Image Left: George Dönni (jaguarclassic.com) and Christian Jenny. Center: Marcel Widler (goodtimer.ch); Right: Simon Frieden (oldtimer-galerie.com). With Julio Saiz CEO of TMC
It’s been three years since I put together the business model of The Motor Chain on a wall, built a PowerPoint and hit the streets searching for classic car market experts asking them to validate the concept.
Those conversations and further research confirmed documentation preserves and can enhance the valuation of a car. How is that value decided and who says the vehicle is good enough to achieve a certain value? To me, the answer was clear: the community ultimately makes the call. And by community, I mean the collectors, owners, buyers, garages, mentors, insurers, specialists, manufacturers, government agencies and experts that all play a part.
The overall value of a vehicle is obviously influenced by the forces of supply and demand, however when a vehicle arrives to the open market other forces appear. Public scrutiny of the community is now empowered by the various sources of information including modern communication tools and the online world. Someone asked me how I would describe today’s classic market, my answer: Informed.

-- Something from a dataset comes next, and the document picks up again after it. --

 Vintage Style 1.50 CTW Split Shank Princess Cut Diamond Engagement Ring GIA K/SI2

These days, the incredible amount of information we have access to makes someone an “expert” on a certain model in a matter of days. This information is spread among many sources such as hard copy publications, Wikipedia, automotive forums, YouTube and with experts, mentors and museums you can connect with. With a little bit of time and patience someone can make a more informed offer than they ever could in the past.
But what about the owner of the car? How are they making the car ready to face public scrutiny? Well, the car will receive a nice wash and detailing, extensive photo shooting and an elaborate intro to its history, and probably some photos of the documentation binders. The car will appear in a dealer’s showroom, at an auction or be posted on the internet for sale. From that point on the community will decide whether the car deserves the value the owner has placed on it. The community decides whether the car is legit or not.

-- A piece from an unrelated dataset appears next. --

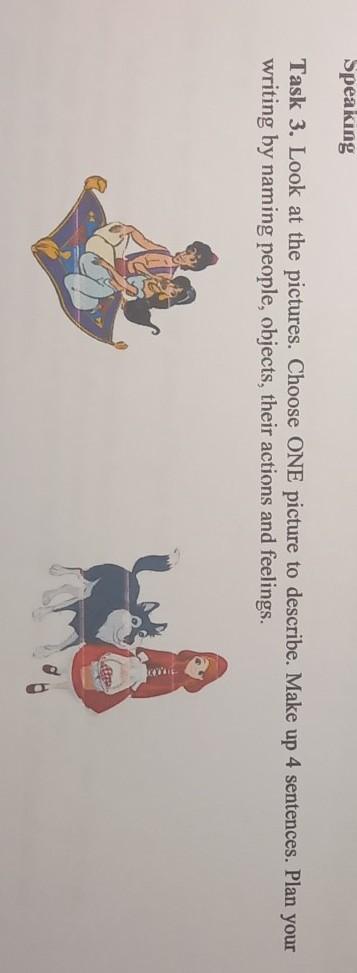 Task 3. Look at the pictures. Choose ONE picture to describe. Make up 4 sentences. Plan your

Legitimacy appears in any context where there is coordination, and the classic car market empowered by new technologies is very much coordinated. Legitimacy is powerful social force; it is a higher order of acceptance. The need to demonstrate to the community that the car and its documentation is legitimate, and the inherent coordination of the community were the two main reasons to include blockchain in the architecture of The Motor Chain.
With TMC, the owners of the car can have their trusted garages or certifiers participating in the car’s documentation. Their entries in the car’s history are irrefutable thanks to the blockchain’s protocols and the profile validation with real ID cards. The more reputed people or business you have participating in your car’s documentation the higher the trust you will achieve.
Simply put, we way TMC uses blockchain allows the owner mitigate concerns of whether documentation and the work done can be trusted, because the community who were part of that history and work are certified through it. A piece of paper can build some confidence and open questions, but that same piece of paper certified by a renown profession cements trust.
Having the community participating in the car’s history brings the legitimacy check ahead of the public scrutiny of the sales process, which increases transparency and reduces friction. To that end, The Motor Chain was created to be the engine to empower the Classic Vehicle community.